The prison at Guantánamo continues to exist in violation of both ethical and legal standards, and at risk to our collective safety. President Obama and Congress risk making Guantánamo and the Bush detention regime permanent features of the U.S. system. .
That’s why we call on the following:
• Congress must work with the administration to charge or release the men detained at Guantánamo. In 2004 and 2008, the U.S. Supreme Court ruled that the prisoners at Guantánamo may challenge their detention in U.S. federal court by means of habeas petitions. Since then, federal judges have ruled in the great majority of cases that the government lacked evidence sufficient to justify the continued detention of the petitioners. Other men at Guantánamo have been cleared for release by the U.S. government’s own Guantánamo Review Task Force, which consists of representatives from every government agency with a stake in the matter, including the Department of Justice, the Department of Defense, and the CIA. All men ultimately cleared for release by the courts or the government should be immediately repatriated or resettled, and all others should be formally charged and tried in a fair and open proceeding.
• Lift the ban on resettling men into the United States. More than 15 countries, including France, Spain, Portugal, Ireland, Hungary, Belgium, Switzerland, Albania, Latvia and Palau, have accepted detainees for resettlement without incident. The U.S. government should also offer a home to men who have won their habeas cases or been cleared for transfer and have no other safe country to go toOffering to resettle such men would also encourage other countries to make similar offers and help shut Guantánamo.

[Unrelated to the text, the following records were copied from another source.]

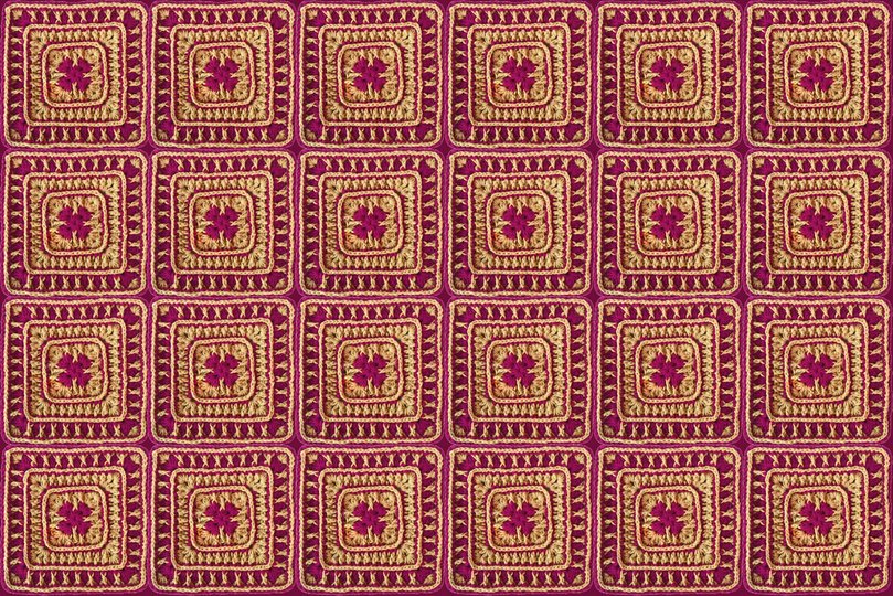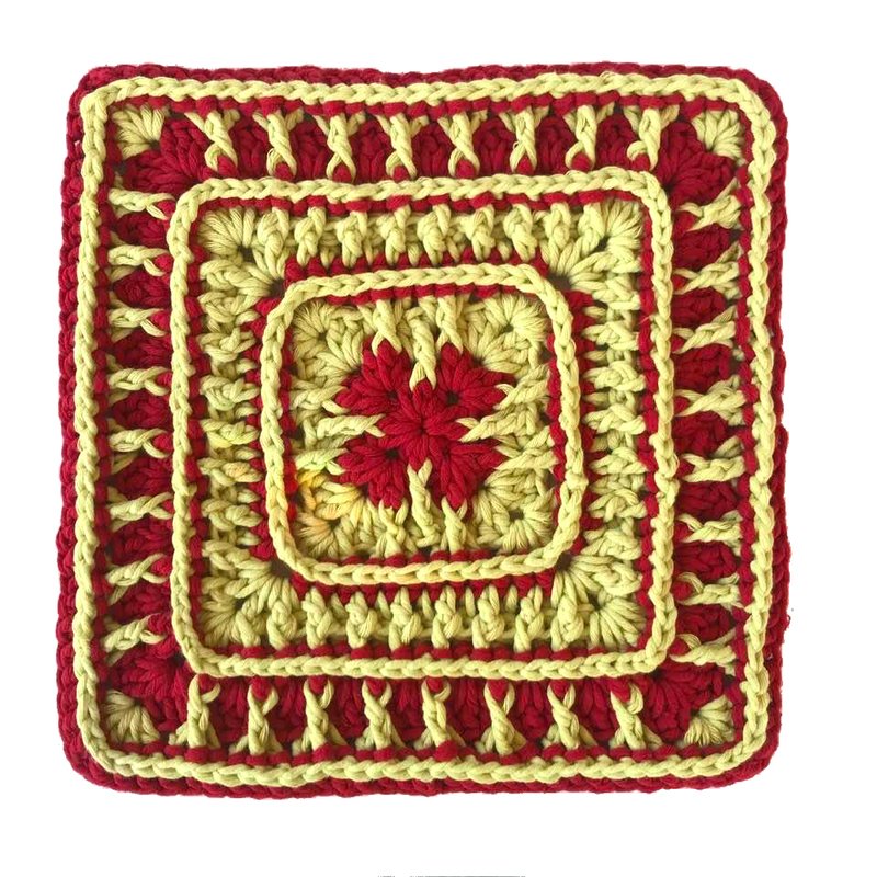 Mein fertiges Grannymuster "DiDi" mit 11 Runden, wiegt 106 gr und ist 27 cm breit und hoch
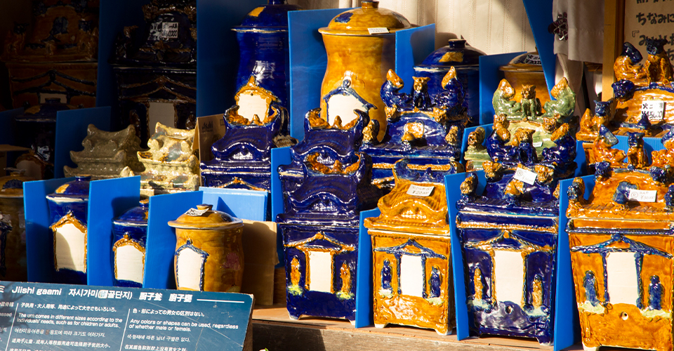 「壺屋やちむん通り」は、沖縄の伝統的な焼き物「壺屋焼」を扱うお店が並ぶ昔ながらの風景が魅力。「やちむん」とは沖縄の方言で焼き物を意味しています。現代的で取り入れやすいやちむんも多く、若い方に人気です。シーサーや器づくりなども体験でき、思い出作りにもおすすめ。壺屋焼の器でコーヒーを味わえる「陶器と喫茶 南窯」など、休憩できるカフェもありますよ。秋に開催される「壺屋やちむん通り祭り」期間中は、やちむんが通常より安く買えるほか、エイサー踊りなども見られます!
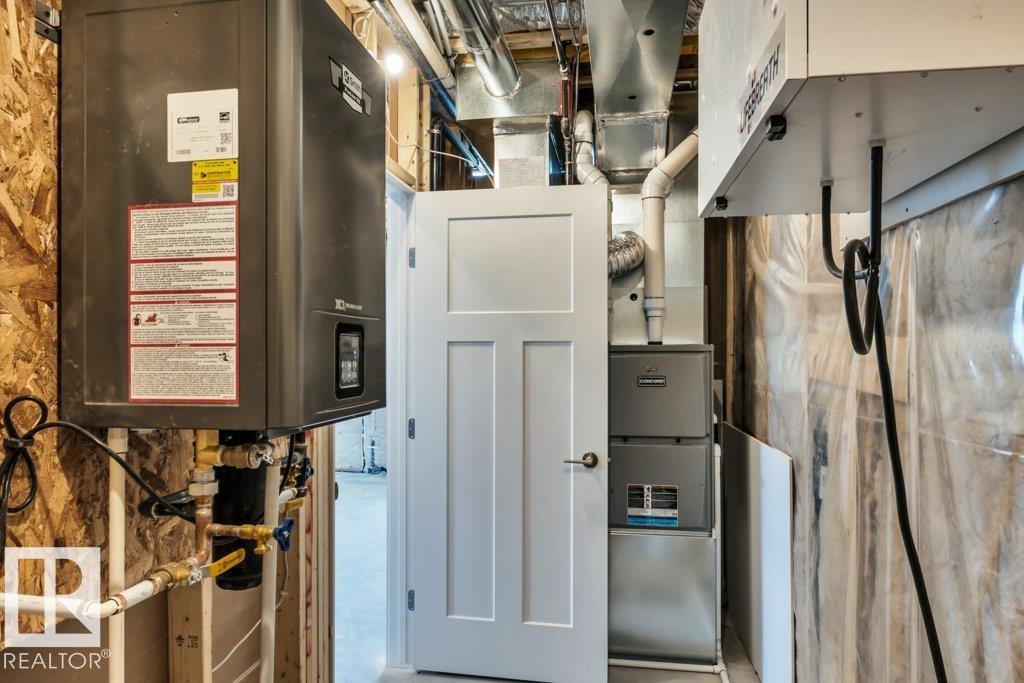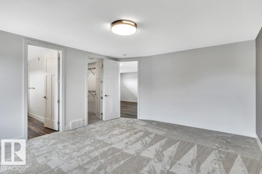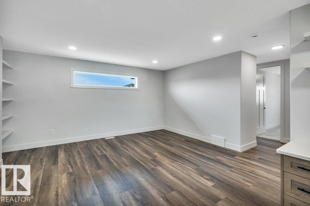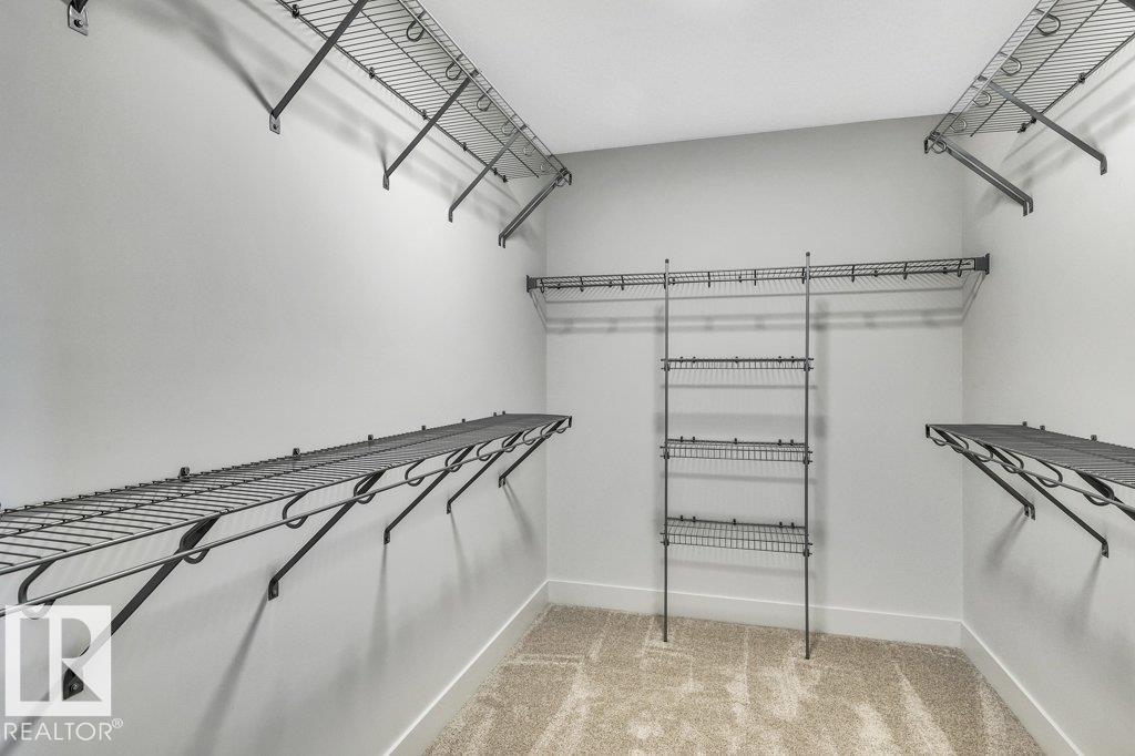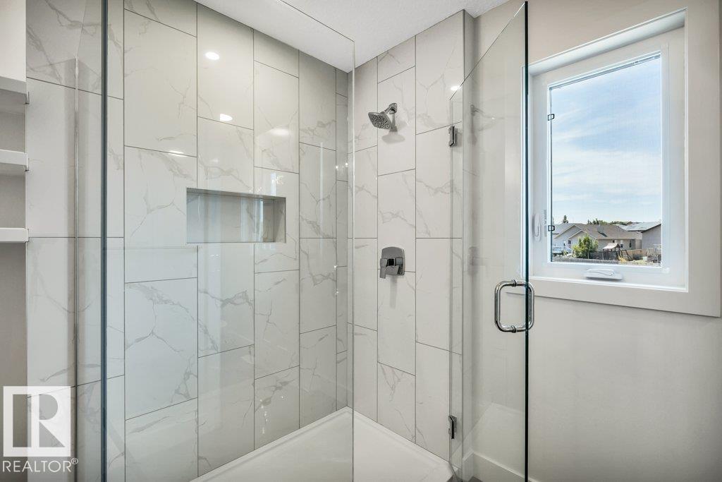 Immediate possession available. Welcome to this beautifully built home by Stonegate Developments, where exceptional craftsmanship and attention to detail are evident from the moment you step through the grand entrance. The open-concept main floor is perfect for entertaining, featuring a stylish kitchen with full-height cabinetry and access to a deck with aluminum railings, while upstairs offers three bedrooms, two bathrooms, a convenient walk-in laundry room, and a spacious family room with a built-in desk. The primary suite provides a relaxing retreat with a spa-inspired ensuite and custom tiled shower. Additional highlights include quartz countertops, 8-foot solid core doors, stainless steel appliances, a built-in electric fireplace, modern glass stair panels and luxury vinyl plank flooring. Situated on a pie-shaped lot in a quiet cul-de-sac, this home also features a double attached garage with a floor drain and side entry, and comes complete with full Alberta New Home Warranty for added peace of mind.

• Fully investigate the deaths of men who died in detention, including the three who died in 2006. Three detained men who were never charged with any crime died at Guantánamo in June 2006. Initially reported as suicides, new evidence from four soldiers stationed at the base has raised serious questions about the circumstances surrounding their deaths. Until now, the Obama administration has not only failed to conduct an independent and thorough investigation of the deaths but has opposed inquiry and review by the courts.
• Take responsibility for the well-being of the men after they are released and compensate those who have been wrongly imprisoned. The U.S. government must not hold men without charge in inhumane conditions for years, subject them to abuse including torture, and then repatriate and resettle them in far corners of the world, leaving their rehabilitation and reintegration to other governments, organizations, and individuals. The government has a responsibility to ensure that the men have adequate support and resources after release.
President Obama himself said that Guantanamo has become a symbol around the world for an America that flouts the rule of law. It is high time, over a decade after the 9/11 attacks, for the US to turn the page on this sordid chapter of our history.